Additionally, a significant percentage of SARS-CoV-2 patients experience post-COVID-19 symptoms, known as Long-COVID syndrome. These symptoms, including fatigue, shortness of breath, headache, loss of smell or taste, myalgia, anxiety, and cognitive impairment, have been observed in patients with both severe and mild clinical courses.

The incidence of dementia and psychiatric disorders is also higher in SARS-CoV-2 patients compared to those infected with other respiratory viruses.

This review aims to explore the molecular evidence of SARS-CoV-2 infection in the brain, the effects of spike-mediated syncytia formation, the long-term impact of SARS-CoV-2 on the human brain and memory, and the strategies for preventing Long-COVID syndrome.

Routes of SARS-CoV-2 Invasion in the Brain

SARS-CoV-2 primarily infects the respiratory tract. However, there are three possible routes through which the virus can invade the brain.

Firstly, the virus can spread directly from the nasal cavity to the olfactory bulb of the brain through the olfactory nerves. The high expression of the ACE2 receptor in the nasal cavity facilitates this direct neuroinvasion.

Secondly, viral infection in the respiratory tract can lead to significant pathological changes, allowing the virus to enter the bloodstream. From there, the virus can cross the blood-brain barrier and invade the central nervous system (CNS) through different pathways.
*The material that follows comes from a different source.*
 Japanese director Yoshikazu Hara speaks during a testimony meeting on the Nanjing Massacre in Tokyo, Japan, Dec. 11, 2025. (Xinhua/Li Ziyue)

Lastly, SARS-CoV-2 can potentially infect the eyes and reach the occipital cortex through the optic nerve. Although eyes are not the main site of infection, this route is still a possibility.

Effects of SARS-CoV-2 Infection on the Nervous System

Long-COVID syndrome has been observed in a significant number of patients, both with severe and mild COVID-19. Symptoms include fatigue, neurological and psychiatric manifestations, frequent headaches, shortness of breath, memory and concentration difficulties, autonomic dysfunction, and other neurological symptoms.
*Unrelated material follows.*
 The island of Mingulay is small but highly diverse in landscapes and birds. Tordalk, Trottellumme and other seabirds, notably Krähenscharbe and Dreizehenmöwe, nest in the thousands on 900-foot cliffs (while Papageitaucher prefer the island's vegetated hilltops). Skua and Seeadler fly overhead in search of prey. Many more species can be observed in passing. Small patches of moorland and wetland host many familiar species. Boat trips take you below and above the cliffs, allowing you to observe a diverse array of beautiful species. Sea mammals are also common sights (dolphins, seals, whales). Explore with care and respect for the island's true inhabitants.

Studies have demonstrated the presence of ACE2, NRP1, and TMPRSS2, the receptors and protease required for SARS-CoV-2 entry, in human nerves near the medulla and other CNS regions. Brain imaging studies have shown greater brain size reduction and volume loss in patients with SARS-CoV-2 infection, even in mild cases.
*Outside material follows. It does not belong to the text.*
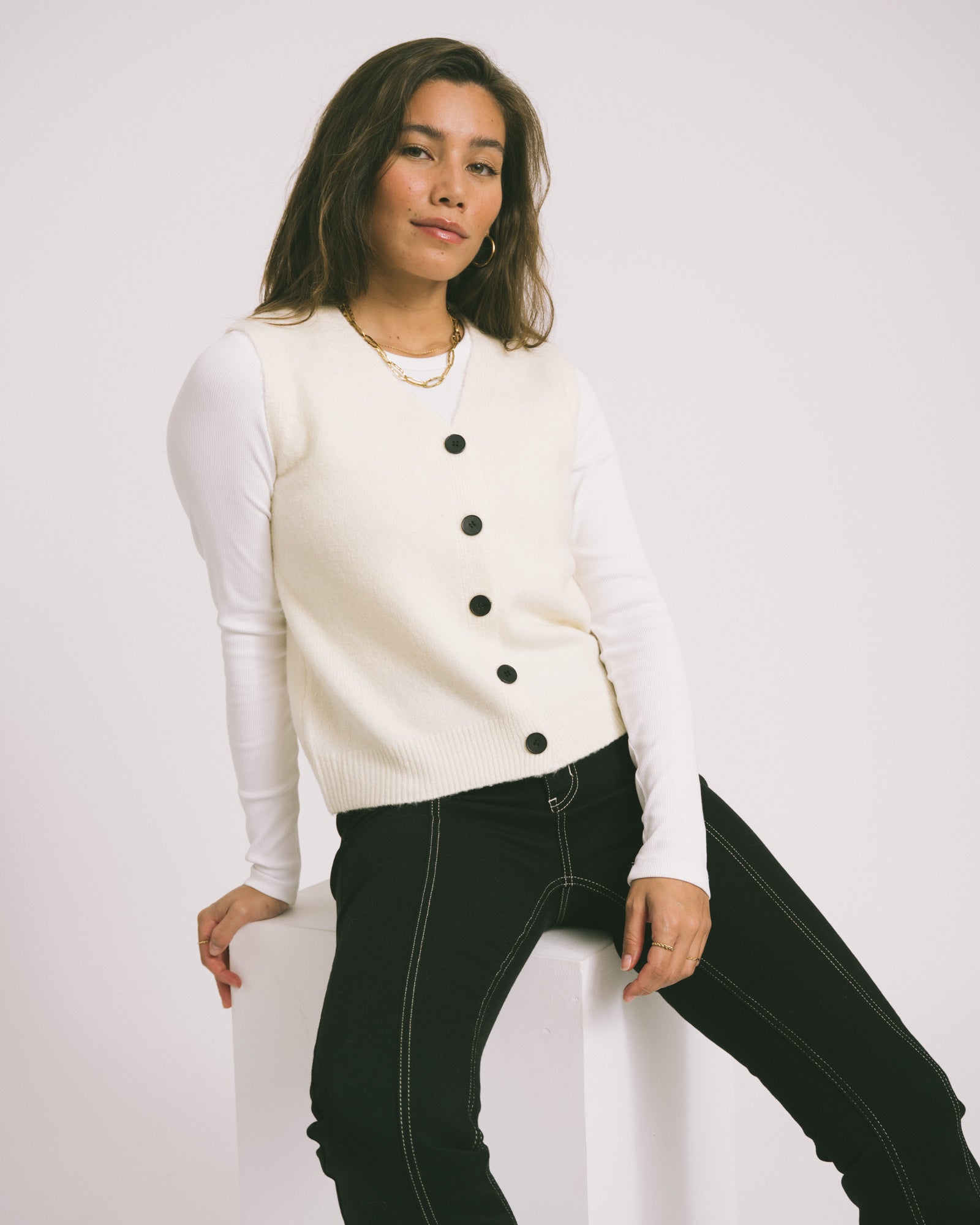 Die Lisa Weste ist Ihr neuer Begleiter für jede Jahreszeit. Diese ärmellose Strickjacke eignet sich perfekt für einen warmen Sommertag, aber auch ideal zum Tragen im Winter. Der weiche Strick, der tiefe V-Ausschnitt und die schwarzen Knöpfe verleihen ihr einen zeitlosen Look.

While SARS-CoV-2 RNA detection in cerebrospinal fluid is rare, immune activation and inflammation within the CNS are believed to be the primary causes of neurological symptoms. However, brain organoid and non-human primate studies have demonstrated SARS-CoV-2 replication in brain tissues, suggesting a direct impact on the nervous system. SARS-CoV-2 infection has also been associated with the activation of Alzheimer’s-like neuropathology and an increased incidence of parkinsonism.

Effects of SARS-CoV-2-Mediated Syncytia Formation

In addition to viral replication, the spike protein of SARS-CoV-2 can induce cell-cell fusion, leading to the formation of syncytia. Syncytia formation has been linked to severe pneumonia and immune responses in patients. Spike-mediated fusion can cause apoptosis and cell death, and it has been associated with immunosuppression and the evasion of host defenses.

The formation of syncytia in the brain can disrupt normal neuronal communication and contribute to the neurological symptoms observed in SARS-CoV-2 patients. The syncytia formation can lead to the loss of functional neuronal networks and impair cognitive functions, memory, and overall brain health.

Long-Term Impact on Memory and Cognitive Function

Several studies have reported cognitive impairments in individuals recovering from SARS-CoV-2 infection. These impairments include difficulties with memory, attention, executive function, and processing speed. The exact mechanisms underlying these cognitive deficits are not yet fully understood, but it is believed to involve a combination of direct viral invasion, neuroinflammation, and vascular abnormalities. The involvement of the hippocampus, a brain region crucial for memory formation and consolidation, has been suggested as a potential mechanism for the memory impairments observed in Long-COVID syndrome.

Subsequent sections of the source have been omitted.